Dal “partito di tutta la classe” in cui convivevano e si scontravano tendenze programmatiche diverse, si passa al partito dell’avanguardia proletaria che raggruppa e organizza, su basi indipendenti, i militanti coscienti della classe attorno al programma rivoluzionario.
Sotto questo profilo il leninismo ha rappresentato storicamente un momento di sviluppo reale del marxismo. La Terza Internazionale nasce e si  forgia nei suoi primi  anni attraverso la rigorosa  rottura organizzativa con  i partiti riformisti (seconda Internazionale) e con i partiti centristi (Internazionale due e mezzo).
I 21 Punti di adesione all’Internazionale (condizioni di adesione poste nel 1920) sancivano questa linea di separazione.
La storia del bolscevismo russo ha ripercorso in Russia questa dinamica storica.
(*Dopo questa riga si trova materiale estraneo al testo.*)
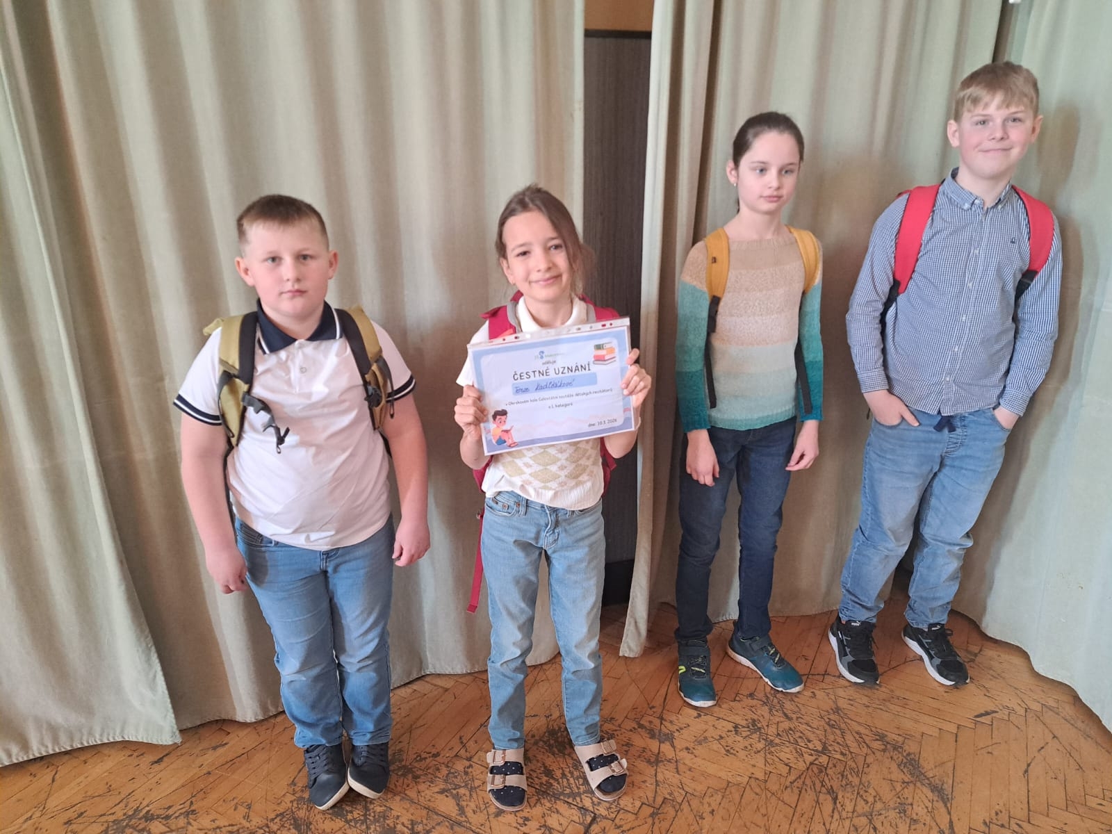 Naši šikovní recitátoři v úterý vyrazili reprezentovat školu do okrskového kola recitační soutěže na 11. ZŠ – a zvládli to s velkou parádou.

Il bolscevismo è nato e si è sviluppato in Russia attraverso la costante demarcazione teorica, programmatica, politica, da ogni altra tendenza del movimento operaio e popolare. Non attraverso la cosiddetta “unità dei rivoluzionari”, ma attraverso la battaglia più rigorosa contro le altre tendenze della democrazia radicale russa. 
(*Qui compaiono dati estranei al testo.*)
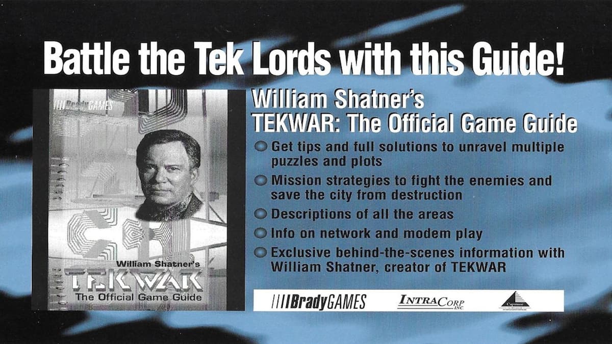 Вот только книги серии TekWar Шатнер писал не сам, за всё отвечал его гострайтер Рон Гуларт. Книги имели какой-никакой успех, но не сказать, что были выдающимися, скорее представляли собой типичный «pulp fiction». То есть дешёвое чтиво для того, чтобы убить время и слегка развлечься. Тем не менее у книг была хорошая база для их превращения в видеоигру, чем Шатнер и занялся, обратившись к Capstone Software.

Prima contro il populismo, a difesa della centralità della classe operaia e della lotta di classe per le prospettive della rivoluzione (anche in un paese arretrato come la Russia). 
Poi contro l’economicismo operaista che mirava a subordinare la politica rivoluzionaria ai puri obiettivi economico sindacali del movimento. 
Poi contro il menscevismo, che in nome dell’arretratezza russa teorizzava la subordinazione del movimento operaio alla rivoluzione borghese e rivendicava un partito non d’avanguardia cui potesse aderire “ogni scioperante”.
Questa linea di demarcazione e battaglia politica e teorica ha attraversato l’intera storia del POSDR (partito della socialdemocrazia russa). Ed è approdata alla scissione organizzativa definitiva tra bolscevismo e menscevismo alla vigilia del 1917. Il passaggio dal partito di tutta la classe al partito della avanguardia proletaria cosciente ha avuto nella teoria e nella pratica di Lenin e del bolscevismo russo il suo principale fattore propulsivo, anche su scala internazionale.